Pequenas, vocês que me “acredite” que se meu pai fosse vivo, já me tinha prometido um relampão ou minha mãe já me tinha largado um carrolaço, que ela cá não se punha com políticas, por causa destas coisas que eu escrevo e que ainda por cima saem no Jornal. Mas o que se me hão de fazer, se eu gosto tanto destas tontices como adoro chocolate? São coisas...

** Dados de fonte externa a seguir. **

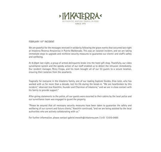 聲明對事件進一步闡釋,19日晚8點20分,一群武裝分子沖入酒店禮品店,商店的監控攝像頭和員工的迅速反應使得很快就將闖入者辨認出來。住戶經理Percy Ccopa帶領其團隊將53名客人撤離到安全地點,確保他們于襲擊者隔離開來。

Tenho de me aviar com isto, porque esta crónica vai sair no dia 14 de dezembro e daqui até lá vai ser uma estrefega para mim com tanto para fazer. Não vou entrar em miudezas sobre isso, que não importam a ninguém, mas devo dizer que 14 de dezembro é sempre um dia muito importante, pois seria o aniversário de meu pai e também o de outras pessoas, claro, de quem não tenho o direito de falar, porque isto agora com o RGPD, qualquer dia não sei como isto vai ser, nem percebo, nem quero perceber, mas ainda posso passar mal. É tudo tão diferente, que não faz sentido para mim. Então, na escola, ensinamos as crianças a serem empáticas, a se porem no lugar dos outros, motivamo-las a derrubarem muros de silêncio e de (in)diferenças e depois qualquer coisa é invasão da privacidade, é bullying, mas, coisa tonta, quando os crianços nascem é os papás a pô-los no Facebook empinados, a rir com a lua, a chorar, e mais isto e mais aquilo, o “meu príncipe”, “a minha princesa” e aí não há RGPD e lá vão eles crescendo a infernizar a vida da gente e só depois percebem, grande ilusão, que não são príncipes nem princesas, porque os papás não são reis.
14 do 12 era o dia de meu pai e não me lembro de minha mãe lhe preparar nada de especial. Um dia até foi milho cozido para o jantar e meu pai ficou triste com o menu. Minha mãe não deu parte de fraca e procedeu à moda de uma deslabarosa distraída. Meu pai de beiças à mesa. Eu percebi e também por solidariedade para com o aniversariante, apesar de não dizer nada, estive sentida e triste. Só minha mãe fazia modilhos e apertava o riso. Ora a pretensão do homem! Uma pessoa com tanta coisa que fazer e agora vai lá ligar a baboseiras! Cá nada!
E há tanto que uma pessoa podia contar, mas com esta coisa do RGPD até tenho medo. Mas vou contar algumas coisinhas soltas a vocês sobre o protagonista desta história. A primeira de que me lembro é de quando tirei a carta de condução. Perdi a primeira vez e queria desistir de tudo, meu pai que não, “o pai vai-te pagar o exame e tu vais passar e se não passares, vai haver uma vez que vais passar, que diabo!, tu não és burra nenhuma!” e mais daqui e mais dali e ele sem mais saber como me convencer, disse assim: “Olha, tu acredita o pai, que tu ainda vais conduzir e quando for para entrares no carro vai ser como quem vai à retrete!” Credo! O que acham vocês desta? Era para eu ganhar esperança ou desconfiança? Outra situação era que quando eu ia à cidade numa volta mais meu pai, ele dizia-me assim: “Tu demoras-te muito, conheces meio mundo e o outro meio conhece-te, falas com toda a gente e a gente nunca mais se avia!” Verdade, “saio ao pai”, que segundo a tia H., se sentava e ficava com o cu pregado na banca e nunca mais caminhava, sempre a conversar, a conversar. A este propósito ouvi, uma ocasião, há dias, uma jovem dizer a outra que há estudos que provam que as pessoas mais felizes são aquelas que são capazes de meter conversa com desconhecidos. Vocês concordam? Nestas idas à cidade, nunca percebi bem o porquê - se meu pai conhecia bem as regras de trânsito e se saía da oficina experimentar carros - de ele passar no vermelho para os peões e eu atrás “pai, está vermelho, não atravesse” e ele “Eu sou um sujeito velho, os veículos estão a ver. Eles têm de parar.” Quantas vezes os velhos fazem isto?
E quantas vezes na nossa casa meu pai se esqueceu do aniversário de alguém? Nenhuma! Havia sempre um bolo das Minas Gerais ou da Pastelaria Lua e laranjada para festejar. Apetece a dizer: Parabéns, nosso velhinho lindo!
Sílvia Mata escreve ao domingo, de 4 em 4 semanas.